Entre temps, ce que tout le monde craignait arriva, la passerelle provisoire fut renversée par une nouvelle crue fin octobre 1892, elle fut relevée le plus sommairement possible par les habitants eux-mêmes (Délibération communale Nant, 6 novembre 1892). Finalement, les conseillers municipaux décidèrent de s’adresser au préfet et demandèrent avec insistance, à plusieurs reprises, le classement de ce chemin, déjà demandé auparavant au Conseil général. Enfin, il fut classé vicinal, sous le numéro 12, sur une longueur de 1408 mètres par un arrêté préfectoral du 12 mai 1894, à la grande satisfaction de la municipalité. Cette décision fut portée à la connaissance des citoyens « par affiches et annonces à son de caisse » à Nant et à Cantobre le 27 mai 1894.
Le 19 août 1894, le conseil municipal examina le projet dressé par l’agent voyer pour la construction du chemin vicinal n°12, de Nant à Saint-Sulpice, et du pont de Cantobre. Une demande de subventions fut introduite, le 16 septembre, auprès du département et de l’Etat. La reconstruction du pont de Cantobre et l’emprunt à réaliser revinrent à l’ordre du jour de la séance du conseil du 5 janvier 1896. Le montant des travaux était de 30 160 francs et la commune, subvention déduite emprunta 3900 francs.
Le 6 septembre 1896, la commune dut contracter un nouvel emprunt de 3400 francs pour achever le paiement de la construction le 14 février 1897.Les raisons du dépassement du montant prévu : la masse de maçonnerie dans les culées avait été sous-estimée par l’architecte, le mur de défense pour garantir le perré sur la rive droite n’avait pas été prévu.
Le conseil municipal protesta contre les employés et l’entrepreneur qui n’aurait pas dû procéder à ces constructions imprévues sans le consulter et contre la construction d’un aqueduc qui ne figurait pas sur les plans, au profit du sieur Panafieu.
En effet, le 29 août 1897, le sieur André Panafieu du moulin de Cantobre, demande que la passerelle provisoire établie sur la Dourbie lui soit abandonnée pour être établie par lui sur le Trévezel. (Il y a cent ans entre Nant et Cantobre, le long chemin de la reconstruction, Midi Libre, 12 février 1996).
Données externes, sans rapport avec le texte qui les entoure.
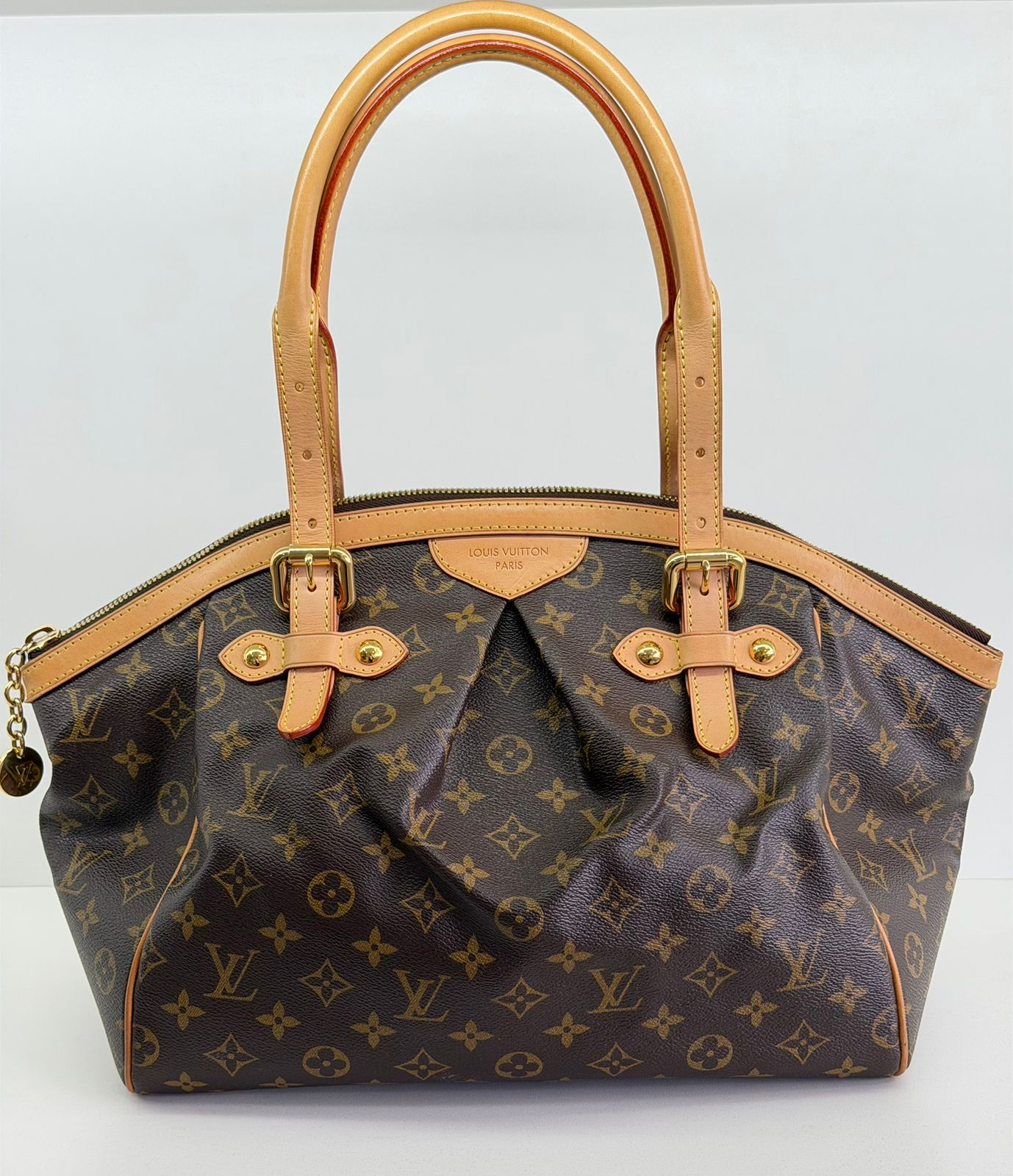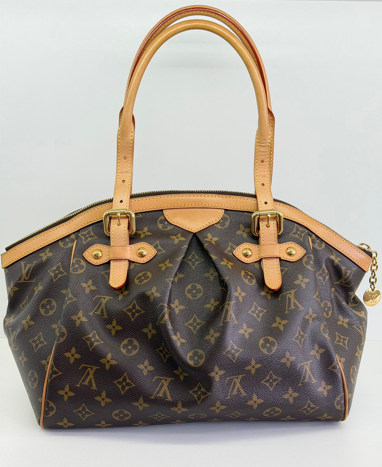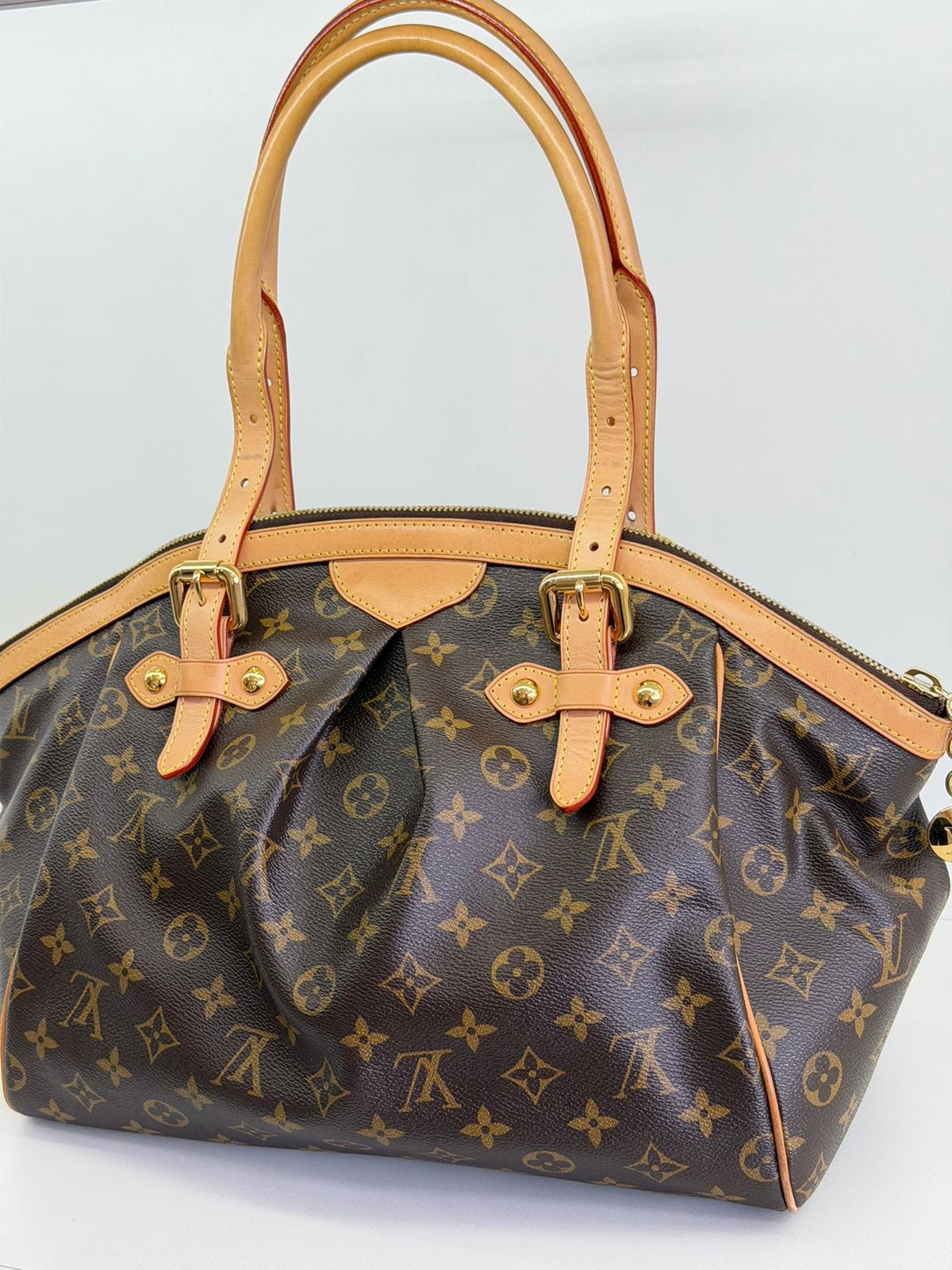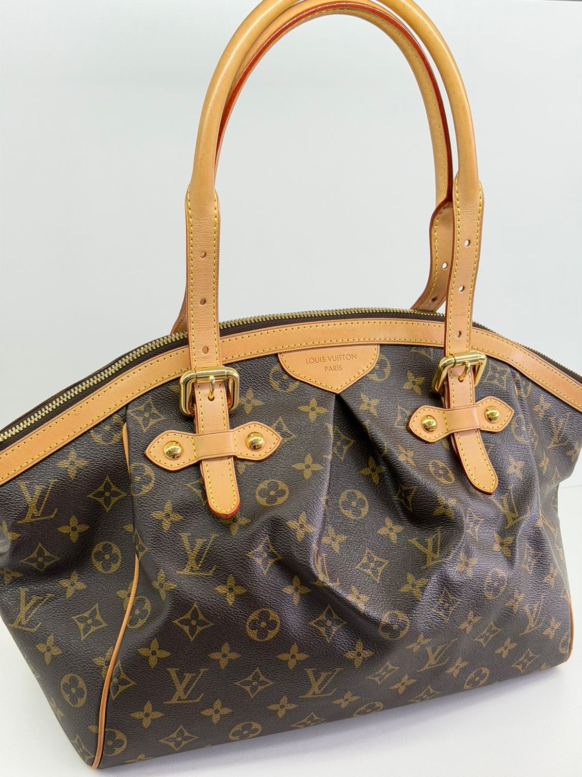 Bolsa Louis Vuitton Tivolli GM, confeccionada em canvas monogram. Possui acabamento em couro Vachetta, ferragens no dourado, fecho principal em zíper com chaveiro, compartimento interno único, com três bolsos planos, possui alças duplas. Uma bolsa espaçosa, funcional ótima opção para o dia a dia.

C’est en 1896 que le pont fut remis en service, la date inscrite entre les deux arches, de chaque côté du pont est là pour nous le rappeler.
En 1900, c’est une affaire d’argent qui voit le jour. Barascud, l’ancien entrepreneur du pont de Cantobre, réclame 8 444, 50 francs pour suppléments de travaux, alors que la commune de Nant est d’avis de lui accorder 457,50 francs pour toute indemnité (Délibération communale Nant, 1er juillet 1900).
Le 2 novembre 1902, les experts rédigent un rapport pour le règlement des travaux de ce pont. Aujourd’hui, si ce pont est toujours emprunté par les habitants de Cantobre, il l’est surtout par les promeneurs et les touristes. Le chemin de Nant à Saint-Sulpice, qui n’était ni vicinal, ni même rural, est devenu la route départementale 145.